START RECORDS SHOWN
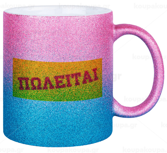 ΠΩΛΕΙΤΑΙ, Κούπα Χρυσή/Μπλε Glitter, κεραμική, 330ml
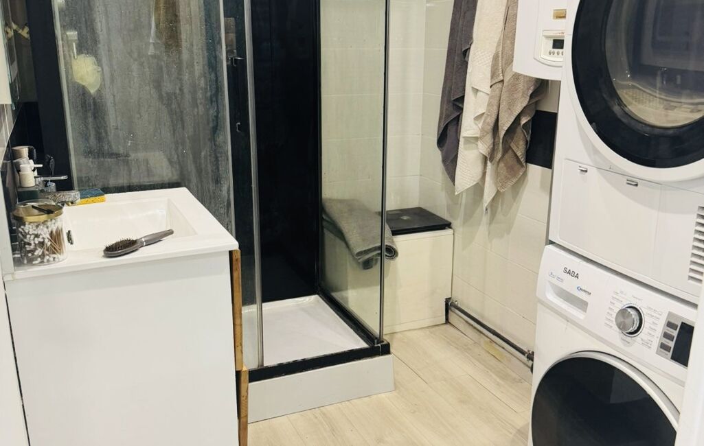 Au rez de chaussé, la cuisine est ouverte sur la salle à manger. Vous y trouverez également la salle de bain, un wc séparé et un salon cosy et lumineux donnant accès à votre cour privée d'environ 25m2.
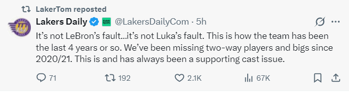 北京时间12月27日晨,湖媒Lakers Daily发声:这不是詹姆斯的错也不是东契奇的错,过去四年湖人一直都是这个样子,从20-21赛季开始我们就缺少攻防双向球员与中锋,替补阵容的问题尤为明显。
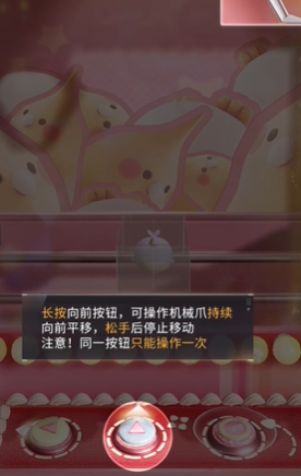 4、最后我们进行推进两次后操作机械爪对准礼物,按下红色按键,就能抓取成功。
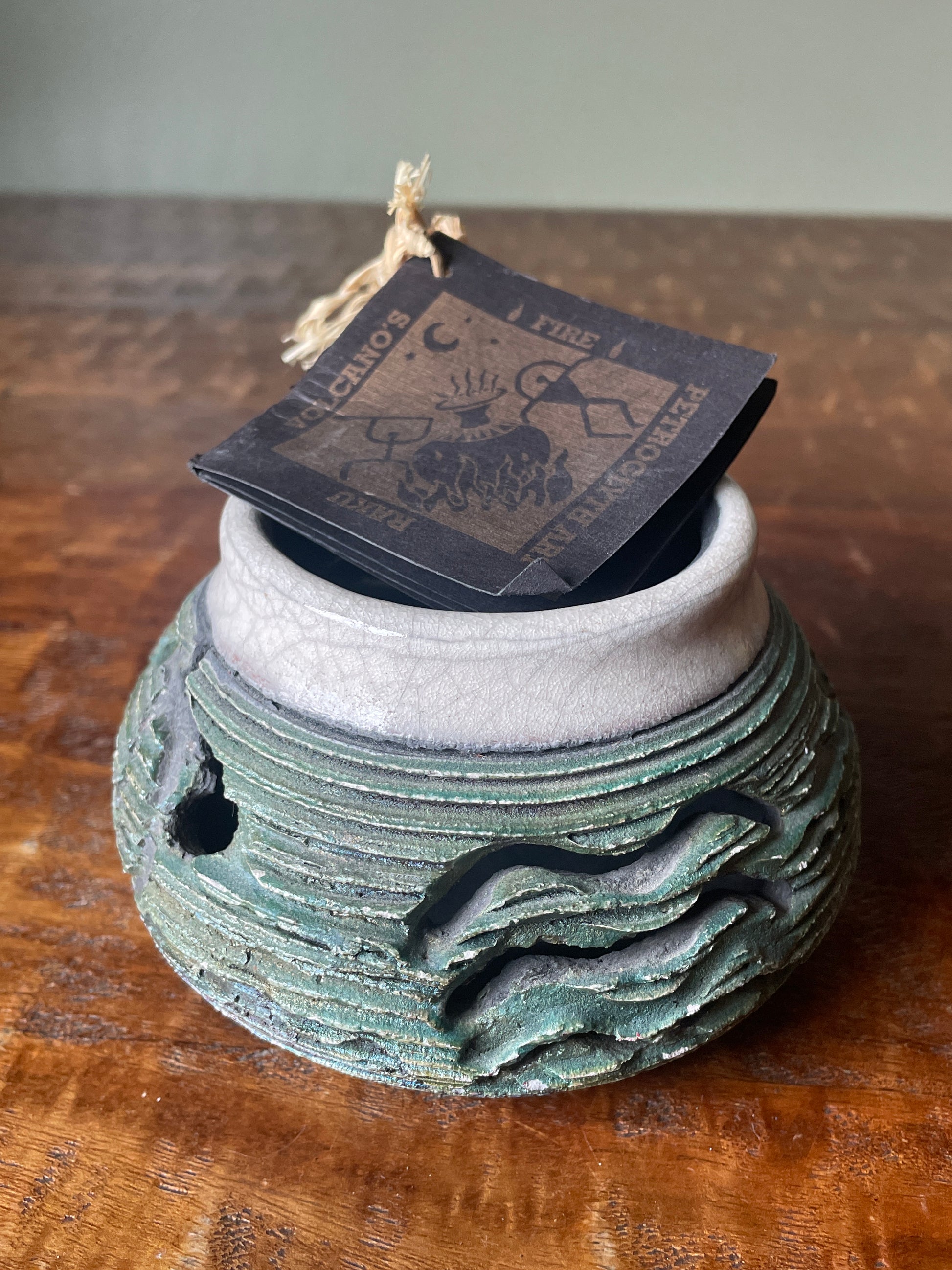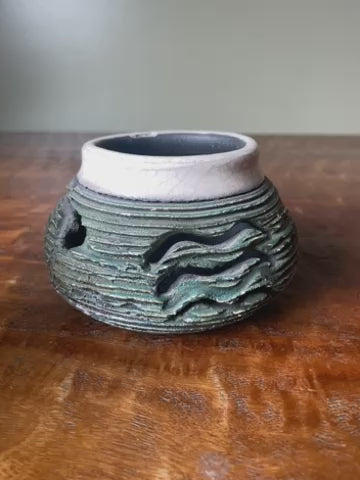 This unique Ben Diller Raku candle votive features a beautiful animal print pattern in beige and black colors over a medium-sized round shape made of volcanic pottery material. The design showcases a detailed carving of a sea turtle, giving a touch of ethnic style to your home decor. Its finish is a beautiful Raku technique, which adds uniqueness to the product. Perfect for collectors of decorative items and sea turtle enthusiasts, this Ben Diller candle votive will bring a touch of the ocean into your home.
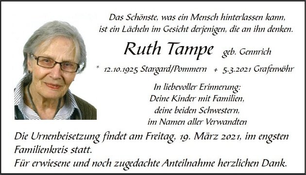 Traueranzeige Ruth Tampe, Grafenwöhr 13. März 2021, 06:46 Uhr Von: redaktion Traueranzeige Ruth Tampe, Grafenwöhr Landkreis Neustadt/WN Grafenwöhr
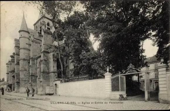 Ak Villiers le Bel Val d'Oise, Eglise et Entrée du Pensionnat
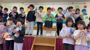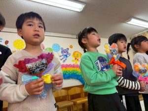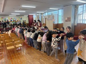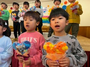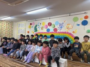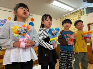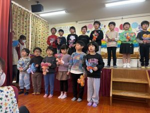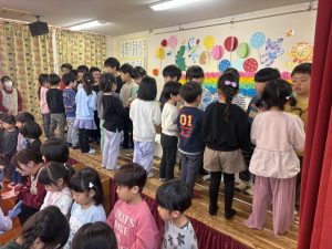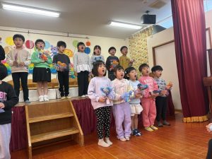 楽しい時間の中にも、年長さんとお別れを感じる場面もあり、子どもたちも職員も胸がじんわり温かくなる会でした。年長さんの成長を感じながら、みんな歌のプレゼントに感動でした😢
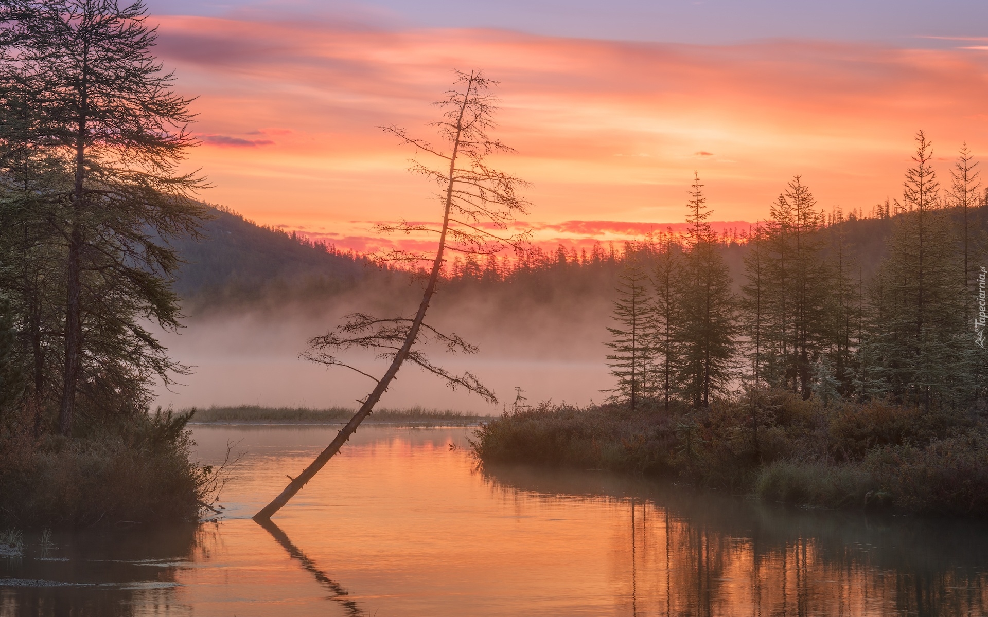 Edytor tapety: Kolorowe niebo wschodzącego słońca na Kołymie
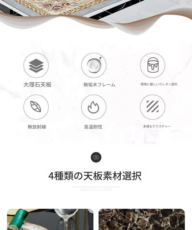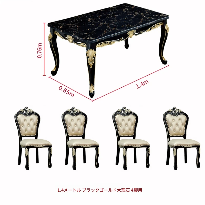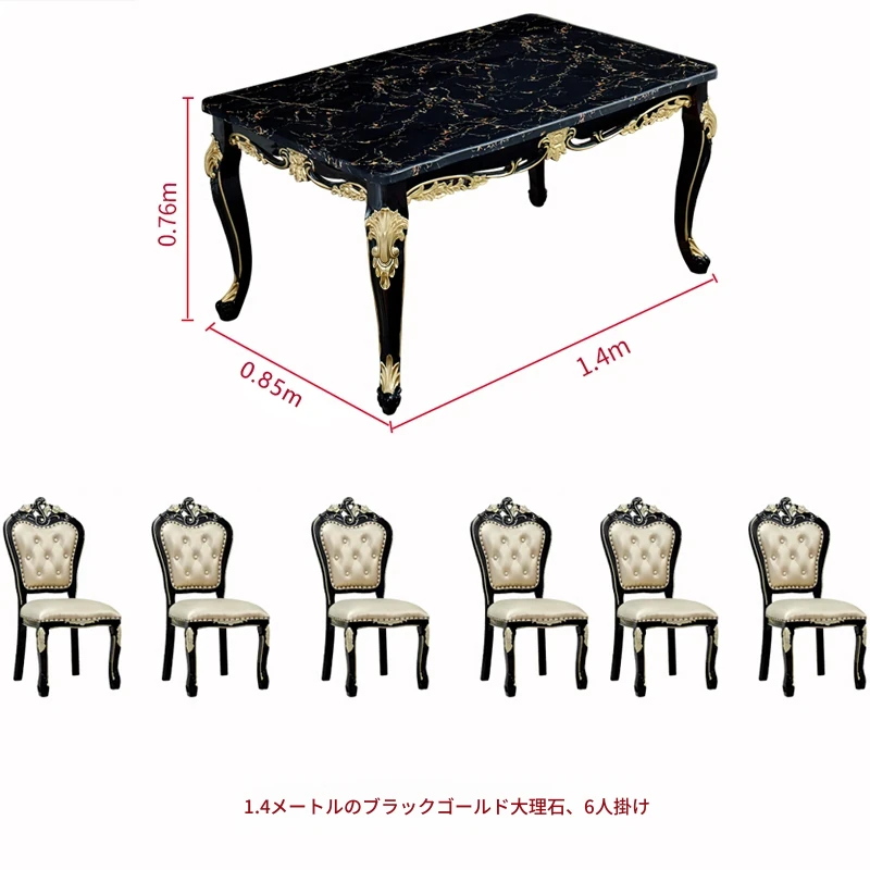 1.4メートル+6脚のダイニングチェア(大理石天板)
END RECORDS SHOWN
[WHAT YOU NEED TO DO]: All preceding records should be duplicated verbatim, images excepted.

[RESPONSE]:
 ΠΩΛΕΙΤΑΙ, Κούπα Χρυσή/Μπλε Glitter, κεραμική, 330ml
 Au rez de chaussé, la cuisine est ouverte sur la salle à manger. Vous y trouverez également la salle de bain, un wc séparé et un salon cosy et lumineux donnant accès à votre cour privée d'environ 25m2.
 北京时间12月27日晨,湖媒Lakers Daily发声:这不是詹姆斯的错也不是东契奇的错,过去四年湖人一直都是这个样子,从20-21赛季开始我们就缺少攻防双向球员与中锋,替补阵容的问题尤为明显。
 4、最后我们进行推进两次后操作机械爪对准礼物,按下红色按键,就能抓取成功。
 This unique Ben Diller Raku candle votive features a beautiful animal print pattern in beige and black colors over a medium-sized round shape made of volcanic pottery material. The design showcases a detailed carving of a sea turtle, giving a touch of ethnic style to your home decor. Its finish is a beautiful Raku technique, which adds uniqueness to the product. Perfect for collectors of decorative items and sea turtle enthusiasts, this Ben Diller candle votive will bring a touch of the ocean into your home.
 Traueranzeige Ruth Tampe, Grafenwöhr 13. März 2021, 06:46 Uhr Von: redaktion Traueranzeige Ruth Tampe, Grafenwöhr Landkreis Neustadt/WN Grafenwöhr
 Ak Villiers le Bel Val d'Oise, Eglise et Entrée du Pensionnat
 楽しい時間の中にも、年長さんとお別れを感じる場面もあり、子どもたちも職員も胸がじんわり温かくなる会でした。年長さんの成長を感じながら、みんな歌のプレゼントに感動でした😢
 Edytor tapety: Kolorowe niebo wschodzącego słońca na Kołymie
 1.4メートル+6脚のダイニングチェア(大理石天板)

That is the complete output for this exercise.